| |||
| Home > NEON Intrinsics > Introduction | |||
The ARM® compiler provides NEON intrinsics to provide an intermediate step for SIMD code generation between a vectorizing compiler and writing assembler code. This feature makes it easier to write code that takes advantage of the NEON architecture when compared to writing assembler directly.
The intrinsics described in this appendix map closely to NEON instructions in ARMv7 architecture. Each section begins with a list of function prototypes, with a comment specifying an equivalent assembler instruction. The compiler selects an instruction that has the required semantics, but there is no guarantee that the compiler will emit the listed instruction.
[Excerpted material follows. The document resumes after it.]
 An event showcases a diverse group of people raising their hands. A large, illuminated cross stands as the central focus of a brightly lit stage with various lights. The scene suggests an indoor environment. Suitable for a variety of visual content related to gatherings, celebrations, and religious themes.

There is no support for NEON intrinsics for architectures before ARMv7. When building for earlier architectures, or for ARMv7 architecture profiles that do not include NEON, the compiler treats NEON intrinsics as ordinary function calls. This results in an error at link time.
For more information about NEON see the RealView Compilation Tools v3.0 Assembler Guide.
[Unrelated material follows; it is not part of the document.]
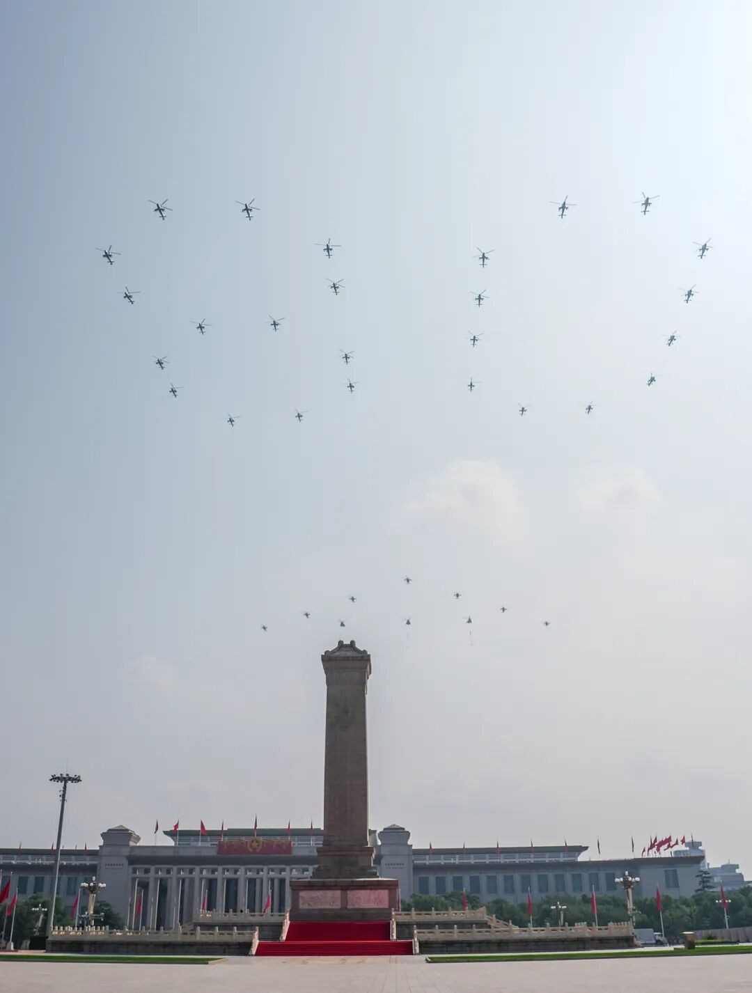 这是空中护旗梯队通过天安门广场,3架直-8L运输直升机分别悬挂“正义必胜”“和平必胜”“人民必胜”条幅。新华社记者 李钢 摄

The NEON intrinsics described in this appendix are defined
in the arm_neon.h header file. The header file
defines both the intrinsics and a set of vector types. See ARM DAI 0156A: Using
Neon Intrinsics with RVDS 3.0 in for
more information.install_directory\Documentation\Specifications
Example F.1 shows a short example using NEON intrinsics. To build the example:
Compile the C file with the following options:
armcc -c --debug --cpu Cortex-A8 neon_example.c
Link the image using the command:
armlink neon_example.o -o neon_example.axf
Use a compatible debugger, for example, RealView Debugger, to load and run the image.
Example F.1. NEON intrinsics
/* neon_example.c - Neon intrinsics example program */
#include <stdint.h>
#include <stdio.h>
#include <assert.h>
#include <arm_neon.h>
/* fill array with increasing integers beginning with 0 */
void fill_array(int16_t *array, int size)
{ int i;
for (i = 0; i < size; i++)
{
array[i] = i;
}
}
/* return the sum of all elements in an array. This works by calculating 4 totals (one for each lane) and adding those at the end to get the final total */
int sum_array(int16_t *array, int size)
{
/* initialise the accumulator vector to zero */
int16x4_t acc = vdup_n_s16(0);
int32x2_t acc1;
int64x1_t acc2;
/* this implementation assumes the size of the array is a multiple of 4 */
assert((size % 4) == 0);
/* counting backwards gives better code */
for (; size !=0; size -= 4)
{
int16x4_t vec;
/* load 4 values in parallel from the array */
vec = vld1_s16(array);
/* increment the array pointer to the next element */
array += 4;
/* add the vector to the accumulator vector */
acc = vadd_s16(acc, vec);
}
/* calculate the total */
acc1 = vpaddl_s16(acc);
acc2 = vpaddl_s32(acc1);
/* return the total as an integer */
return (int)vget_lane_s64(acc2, 0);
}
/* main function */
int main()
{
int16_t my_array[100];
fill_array(my_array, 100);
printf("Sum was %d\n", sum_array(my_array, 100));
return 0;
}